March 18, 2008 -- Cutting-edge new research helps answer the puzzling question of why post-traumatic stress doesn't happen to everyone who endures horrible trauma.

In this case, the trauma was child abuse. The researchers found that survivors of child abuse were particularly likely to have symptoms of post-traumatic stress as adults if they also had specific variations in a stress-related gene.

Among adult survivors of severe child abuse, those with the specific gene variations scored more than twice as high (31) on a scale of post-traumatic stress, compared with those without the variations (13).

The worse the abuse, the stronger the risk in people with those gene variations.

The study of 900 adults is among the first to show that genes can be influenced by outside, nongenetic factors to trigger signs of post-traumatic stress disorder, or PTSD.

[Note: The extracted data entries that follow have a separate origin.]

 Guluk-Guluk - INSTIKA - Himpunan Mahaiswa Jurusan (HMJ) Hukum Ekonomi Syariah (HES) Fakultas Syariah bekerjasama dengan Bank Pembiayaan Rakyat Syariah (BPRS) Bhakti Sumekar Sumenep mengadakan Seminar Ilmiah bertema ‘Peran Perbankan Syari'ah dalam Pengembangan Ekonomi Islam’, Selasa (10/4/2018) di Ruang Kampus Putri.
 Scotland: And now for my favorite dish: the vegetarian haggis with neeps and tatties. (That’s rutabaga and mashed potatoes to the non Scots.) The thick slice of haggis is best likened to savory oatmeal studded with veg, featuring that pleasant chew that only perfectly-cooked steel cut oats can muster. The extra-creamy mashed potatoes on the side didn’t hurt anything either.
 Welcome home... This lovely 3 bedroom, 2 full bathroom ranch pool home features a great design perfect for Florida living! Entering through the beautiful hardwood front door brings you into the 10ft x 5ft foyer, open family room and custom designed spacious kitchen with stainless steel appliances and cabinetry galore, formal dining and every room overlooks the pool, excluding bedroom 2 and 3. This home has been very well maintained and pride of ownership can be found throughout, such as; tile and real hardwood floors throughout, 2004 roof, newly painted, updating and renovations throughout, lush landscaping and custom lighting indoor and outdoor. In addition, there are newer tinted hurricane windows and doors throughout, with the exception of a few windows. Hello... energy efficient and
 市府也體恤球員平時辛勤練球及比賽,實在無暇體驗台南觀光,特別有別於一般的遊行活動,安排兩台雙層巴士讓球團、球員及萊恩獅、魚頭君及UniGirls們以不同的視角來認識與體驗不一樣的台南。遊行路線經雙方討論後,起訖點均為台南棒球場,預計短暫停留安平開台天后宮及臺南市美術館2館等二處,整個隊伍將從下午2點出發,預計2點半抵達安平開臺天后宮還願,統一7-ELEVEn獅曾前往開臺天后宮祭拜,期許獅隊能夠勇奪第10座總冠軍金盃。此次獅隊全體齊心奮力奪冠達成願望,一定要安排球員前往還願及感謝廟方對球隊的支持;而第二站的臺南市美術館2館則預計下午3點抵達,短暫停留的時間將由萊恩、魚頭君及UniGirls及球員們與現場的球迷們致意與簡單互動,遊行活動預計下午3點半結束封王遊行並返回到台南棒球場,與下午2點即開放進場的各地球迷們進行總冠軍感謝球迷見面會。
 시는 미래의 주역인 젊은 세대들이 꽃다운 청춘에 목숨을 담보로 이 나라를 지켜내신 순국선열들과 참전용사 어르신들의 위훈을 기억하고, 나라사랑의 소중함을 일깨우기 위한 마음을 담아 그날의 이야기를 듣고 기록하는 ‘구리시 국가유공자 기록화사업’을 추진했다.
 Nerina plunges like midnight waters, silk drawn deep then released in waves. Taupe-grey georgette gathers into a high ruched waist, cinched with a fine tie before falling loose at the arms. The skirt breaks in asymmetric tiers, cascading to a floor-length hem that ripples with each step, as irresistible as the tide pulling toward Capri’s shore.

"The study is groundbreaking," the largest of just two reports to show molecular evidence of a gene-environment influence on PTSD, said Karestan Koenen, a Harvard psychologist doing similar research. She wasn't involved in the new study.

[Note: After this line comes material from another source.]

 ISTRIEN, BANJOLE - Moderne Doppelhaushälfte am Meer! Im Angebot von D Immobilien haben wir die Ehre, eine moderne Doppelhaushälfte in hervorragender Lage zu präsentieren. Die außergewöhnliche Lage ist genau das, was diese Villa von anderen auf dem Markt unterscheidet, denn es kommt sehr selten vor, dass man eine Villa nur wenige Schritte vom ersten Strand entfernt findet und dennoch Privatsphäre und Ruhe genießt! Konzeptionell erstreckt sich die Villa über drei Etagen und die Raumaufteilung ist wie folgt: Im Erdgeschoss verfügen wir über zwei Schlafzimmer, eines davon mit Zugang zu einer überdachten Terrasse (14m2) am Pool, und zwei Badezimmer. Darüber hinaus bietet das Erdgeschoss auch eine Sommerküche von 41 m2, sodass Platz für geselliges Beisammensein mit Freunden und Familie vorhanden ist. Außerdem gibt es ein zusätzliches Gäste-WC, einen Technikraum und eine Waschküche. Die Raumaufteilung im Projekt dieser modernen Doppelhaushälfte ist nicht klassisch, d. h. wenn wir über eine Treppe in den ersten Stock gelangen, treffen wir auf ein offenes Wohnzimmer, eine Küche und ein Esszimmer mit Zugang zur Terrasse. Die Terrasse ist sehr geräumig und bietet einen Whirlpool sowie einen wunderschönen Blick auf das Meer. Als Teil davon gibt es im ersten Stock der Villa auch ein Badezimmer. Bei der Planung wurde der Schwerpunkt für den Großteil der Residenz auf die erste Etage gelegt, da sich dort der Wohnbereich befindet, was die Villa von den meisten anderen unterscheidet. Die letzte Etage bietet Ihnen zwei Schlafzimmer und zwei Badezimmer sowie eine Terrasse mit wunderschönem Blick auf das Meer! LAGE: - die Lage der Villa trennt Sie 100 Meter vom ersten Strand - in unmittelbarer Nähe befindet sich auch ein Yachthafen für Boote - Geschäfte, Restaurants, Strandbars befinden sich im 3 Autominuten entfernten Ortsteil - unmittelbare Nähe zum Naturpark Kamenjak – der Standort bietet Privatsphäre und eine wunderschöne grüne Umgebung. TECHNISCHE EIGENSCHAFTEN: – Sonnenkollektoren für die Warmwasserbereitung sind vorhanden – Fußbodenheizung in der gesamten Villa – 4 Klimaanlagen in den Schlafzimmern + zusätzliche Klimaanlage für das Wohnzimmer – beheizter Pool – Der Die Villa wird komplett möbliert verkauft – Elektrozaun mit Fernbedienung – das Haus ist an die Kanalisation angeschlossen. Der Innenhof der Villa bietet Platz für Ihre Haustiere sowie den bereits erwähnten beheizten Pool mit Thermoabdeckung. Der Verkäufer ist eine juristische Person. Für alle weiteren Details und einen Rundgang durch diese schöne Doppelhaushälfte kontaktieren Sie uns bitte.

"We have known for over a decade, from twin studies, that genetic factors play a role in vulnerability to developing PTSD, but have had little success in identifying specific genetic variants that increase risk of the disorder," Koenen said.

The results suggest that there are critical periods in childhood when the brain is vulnerable "to outside influences that can shape the developing stress-response system," said Emory University researcher and study co-author Dr. Kerry Ressler.

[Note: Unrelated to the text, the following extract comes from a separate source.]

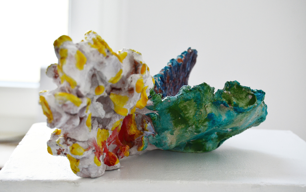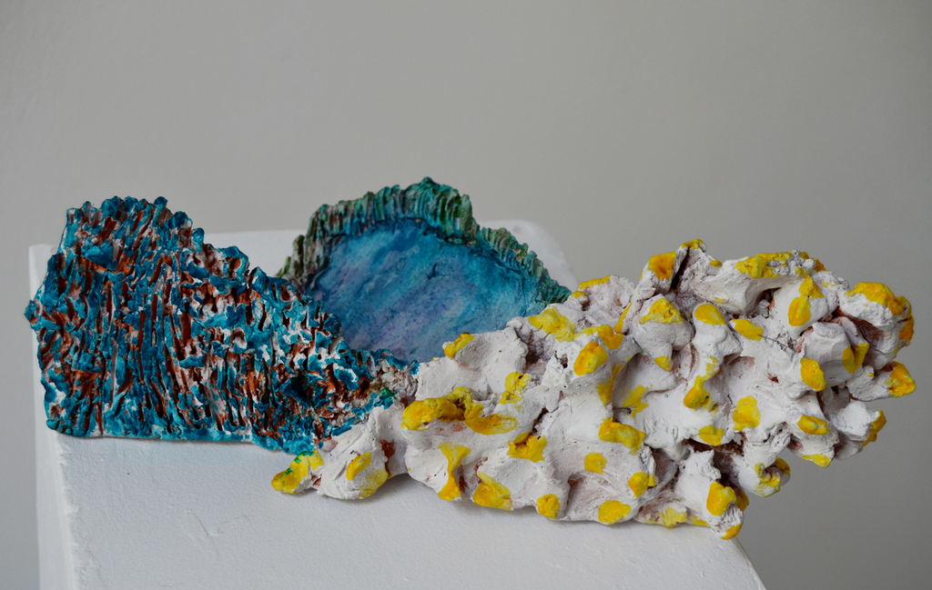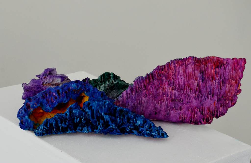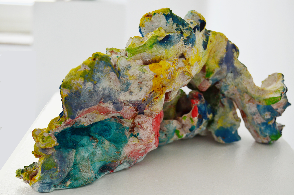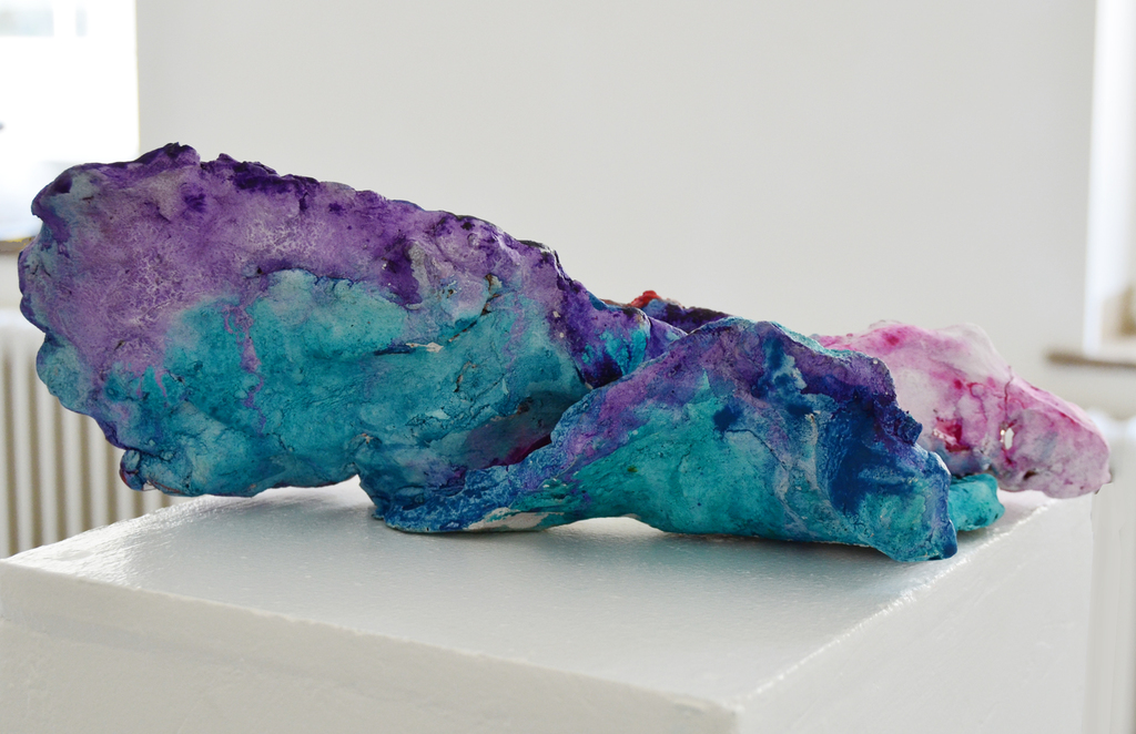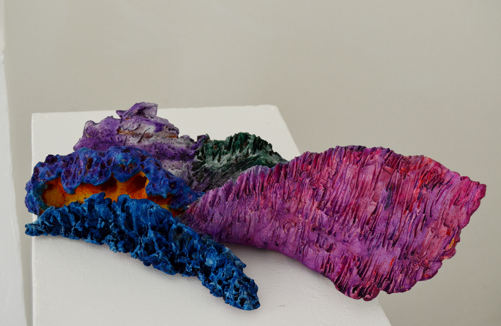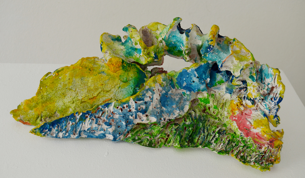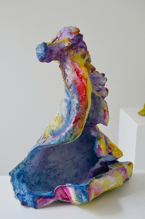Die Bildwelten werden angereichert und ergänzt durch Pflanzengebinde aus schnell geformten Flächen. Die Farben wurden in den weichen Gips gemalt. Die persönlich neu interpretierten Urformen verwandeln sich aus linear zusammengesetzten Zeichnungen in dreidimensionale Flächenkombinationen.Zügig gefertigt ergeben die Zusammenstellungen Urbäume, erinnern an religiöse, kontemplative Atmosphären in sakralen Räumen oder an Schöpfungsgeschichten in Glaubensgefügen.

The study appears in Wednesday's Journal of the American Medical Association.

Ressler noted that there are likely many other gene variants that contribute to risks for PTSD, and others may be more strongly linked to the disorder than the ones the researchers focused on.

Still, he and outside experts said the study is important and that similar advances could lead to tests that will help identify who's most at risk. Treatments including psychotherapy and psychiatric drugs could be targeted to those people, Ressler said,

Several study authors, including Ressler, reported having financial ties to makers of psychiatric drugs.

About a quarter of a million Americans will develop PTSD at some point in their lives after being victimized or witnessing violence or other traumatic events. Rates are much higher in war veterans and people living in high-crime areas.

Symptoms can develop long after the event and usually include recurrent terrifying recollections of the trauma. Sufferers typically avoid situations and people who trigger the memories and often have debilitating anxiety, irritability, insomnia and other signs of stress.

Though preliminary, the study provides needed insight into a condition expected to hit rising numbers of veterans returning from Afghanistan and Iraq, said Dr. Thomas Insel, director of the National Institute of Mental Health. The agency paid for the study.

Insel said the results help explain why two people in the same jeep see a roadside bomb, and one simply experiences it as "a bad day but goes back and is able to function," while the other later develops paralyzing stress symptoms.